Statistical Estimation of Changes in the Dominant Frequencies of Structures in Long Noisy Series of Monitoring Data

1Laboratory of Geodesy and Geodetic Applications, Department of Civil Engineering, University of Patras, 26500 Patras, Greece
2GFZ German Research Centre for Geosciences, Section 5.4 Hydrology, Telegrafenberg, 14473 Potsdam, Germany

Received 24 September 2013; Accepted 12 November 2013

Academic Editor: Ting-Hua Yi

Copyright © 2013 Fanis Moschas and Eva Steirou. This is an open access article distributed under the Creative Commons Attribution License, which permits unrestricted use, distribution, and reproduction in any medium, provided the original work is properly cited.

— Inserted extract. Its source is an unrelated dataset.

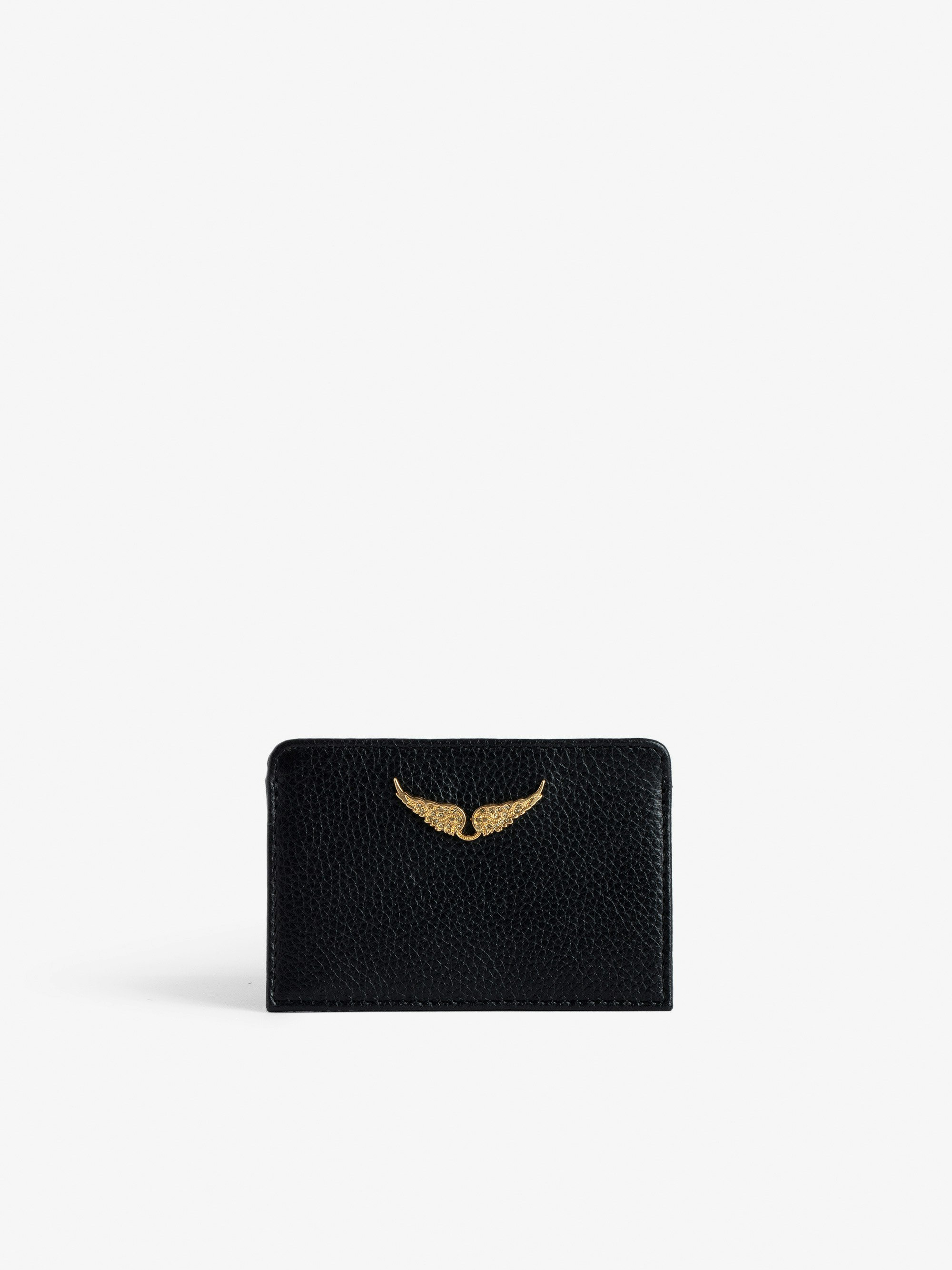Women’s black and gold grained leather card holder with diamanté wings charm. Description & details - Women’s ZV Pass card holder in black and gold grained leather - Gold-tone metal diamanté wings - 2 slots - Embossed Zadig&Voltaire branding Height x Width x Length: 2.8 x 4.1 x 0.4 in. Composition 100% CALF LEATHER Care Do not expose your item to a source of heat or to sunlight for a prolonged period. In the event of accidental exposure to water, leave your item to dry at room temperature, away from direct light. Avoid routinely overloading your handbag or clutch. To prolong its life, store your item in a dust bag and pad it with tissue paper to maintain its shape. To maintain the shine of your smooth or grained leather item, use a leather cream or polish. Product code: LWSG00001_NOIR GOLD

Damage in structures is reflected in permanent changes of their natural frequencies and theoretically can be derived through measurements. Still, measurement-derived frequencies of structures usually reflect a superimposition of various effects, fluctuations due to environmental and loading conditions, noise, and possible permanent changes (damage or repair). The amplitude of the latter is usually of the same order of magnitude with the other effects; hence permanent shifts are masked by noise and cannot be identified, especially in long monitoring records. In order to overcome this problem, essential for the assessment of the structural health of various key structures, we adopt a statistical approach developed for the identification of shifts (inhomogeneities) in normally distributed climatological data, in particular the SNHT test. The efficiency of the SNHT was first tested on synthetic data and then on sets of estimates of dominant frequencies of a decaying pedestrian bridge. It was found that under certain conditions the SNHT can identify the location of shifts in dominant frequencies of structures; the amplitude of the shifts can then be easily computed. Since the efficiency of the test increases with the length of the time series, this test seems especially suitable for the analysis of long monitoring records.